Goal: to read data from SQL table where a column contains JSON (arrays), extract certain keys/values from the JSON into new columns to then write to a new table. One of the joys of the original data format is that some data records are JSON arrays and some are not arrays (just JSON). Thus we may start with:
testcase = [(1, [{'a': 1, 'b': 2, 'c': 3}, {'a': 11, 'b': 12, 'c': 13}]),
(2, {'a': 30, 'b': 40}),
(3, {'a': 100, 'b': 200, 'd': 300})]
for x in testcase:
print(x)
(1, [{'a': 1, 'b': 2, 'c': 3}, {'a': 11, 'b': 12, 'c': 13}])
(2, {'a': 30, 'b': 40})
(3, {'a': 100, 'b': 200, 'd': 300})
Note the first element of each tuple is the record id. The first record is an array of length two, the second and third records are not arrays. The desired output is (as a DataFrame):
a b data
1 1 2 '{"c": 3}'
1 11 12 '{"c": 13}'
2 30 40 '{}'
3 100 200 '{"d": 300}'
Here you can see I've extracted keys 'a' and 'b' from the dicts into new columns, leaving the remaining keys/values in situ. The empty dict for id=2 is desirable behaviour.
First, I extracted the id and the data into separate lists. I take this opportunity to make the dict into a list of dicts (of length 1) so the types are now consistent:
id = [x[0] for x in testcase]
data_col = [x[1] if type(x[1]) == list else [x[1]] for x in testcase]
for x in data_col:
print(x)
[{'a': 1, 'b': 2, 'c': 3}, {'a': 11, 'b': 12, 'c': 13}]
[{'a': 30, 'b': 40}]
[{'a': 100, 'b': 200, 'd': 300}]
It feels a bit of a clunky extra step to have to extract id and data_col as separate lists, although at least we have the nice property that we're not copying data:
id[0] is testcase[0][0]
True
data_col[0] is testcase[0][1]
True
And, as I say, I had to deal with the issue that some records contained arrays of dicts and some just dicts, so this makes them all consistent.
The main nitty gritty happens here, where I perform a dict comprehension in a double list comprehension to iterate over each dict:
popped = [(id, {key: element.pop(key, None) for key in ['a', 'b']}) \
for id, row in zip(id, data_col) for element in row]
for x in popped:
print(x)
(1, {'a': 1, 'b': 2})
(1, {'a': 11, 'b': 12})
(2, {'a': 30, 'b': 40})
(3, {'a': 100, 'b': 200})
I need to be able to relate each new row with its original id, and the above achieves that, correctly reproducing the appropriate id value (1, 1, 2, 3). With a bit of housekeeping, I can then get all my target rows lined up:
import pandas as pd
from psycopg2.extras import Json
id2 = [x[0] for x in popped]
cols = [x[1] for x in popped]
data = [Json(item) for sublist in data_col for item in sublist]
popped_df = pd.DataFrame(cols, index=id2)
popped_df['data'] = data
And this gives me the desired DataFrame as shown above.

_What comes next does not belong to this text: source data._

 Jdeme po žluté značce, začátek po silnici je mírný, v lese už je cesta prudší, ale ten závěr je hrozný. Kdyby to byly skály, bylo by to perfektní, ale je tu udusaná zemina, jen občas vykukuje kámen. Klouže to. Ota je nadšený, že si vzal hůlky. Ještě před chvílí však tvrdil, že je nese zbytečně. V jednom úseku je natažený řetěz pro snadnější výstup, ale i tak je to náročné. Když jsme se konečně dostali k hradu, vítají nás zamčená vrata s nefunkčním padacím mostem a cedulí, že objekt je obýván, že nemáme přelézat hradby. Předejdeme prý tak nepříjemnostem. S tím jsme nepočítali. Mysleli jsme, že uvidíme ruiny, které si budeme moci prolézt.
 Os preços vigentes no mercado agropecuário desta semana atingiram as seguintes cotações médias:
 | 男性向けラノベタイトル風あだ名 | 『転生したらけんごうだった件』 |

But ... is all my messing about with lists necessary? I couldn't do a simple json_normalize because I don't want to extract all keys and it falls over with the combination of arrays and non-arrays.

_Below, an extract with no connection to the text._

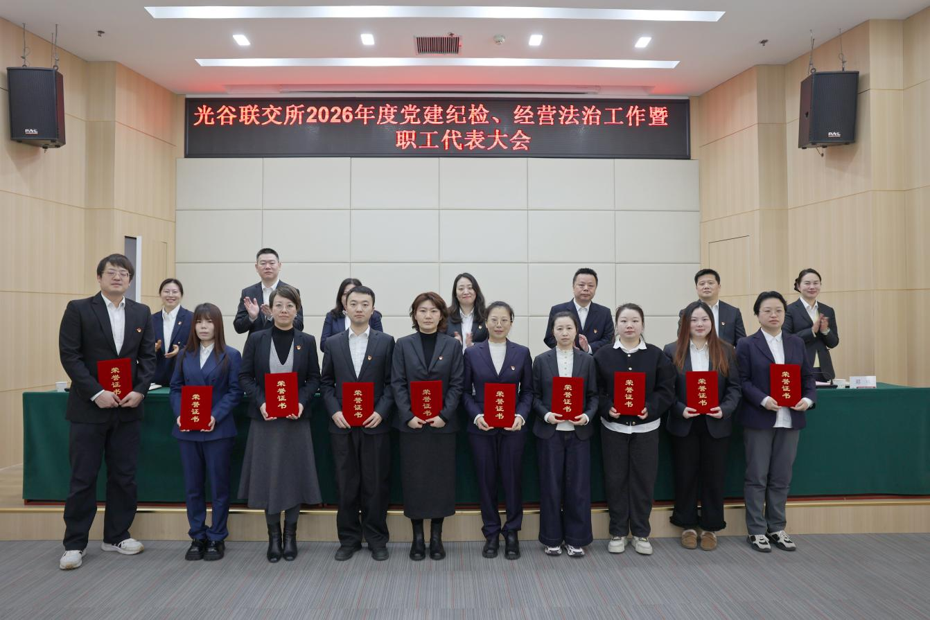 3月20日上午,光谷联交所召开2026年度党建纪检、经营法治工作暨职工代表大会。党委书记、董事长杨静出席会议并讲话,党委副书记、总经理郑昀辉主持会议,并作经营工作报告,分管党建、纪检、法治的领导分别作年度工作报告。

It also needs to be as performant as possible as it's going to be processing multi-millions of rows. For this reason, I actually convert the DataFrame to a list using:
list(popped_df.itertuples())
to then pass to psycopg2.extras' execute_values()
so I may yet not bother constructing the DataFrame and just build the output list, but in this post I'm really asking if there's a cleaner, faster way to extract these specific keys from the dicts into new columns and rows, robust to whether the record is an array or not and keeping track of the associated record id.
I shied away from an end-to-end pandas approach, reading the data using pd.read_sql() as I was reading that DataFrame.to_sql() was relatively slow.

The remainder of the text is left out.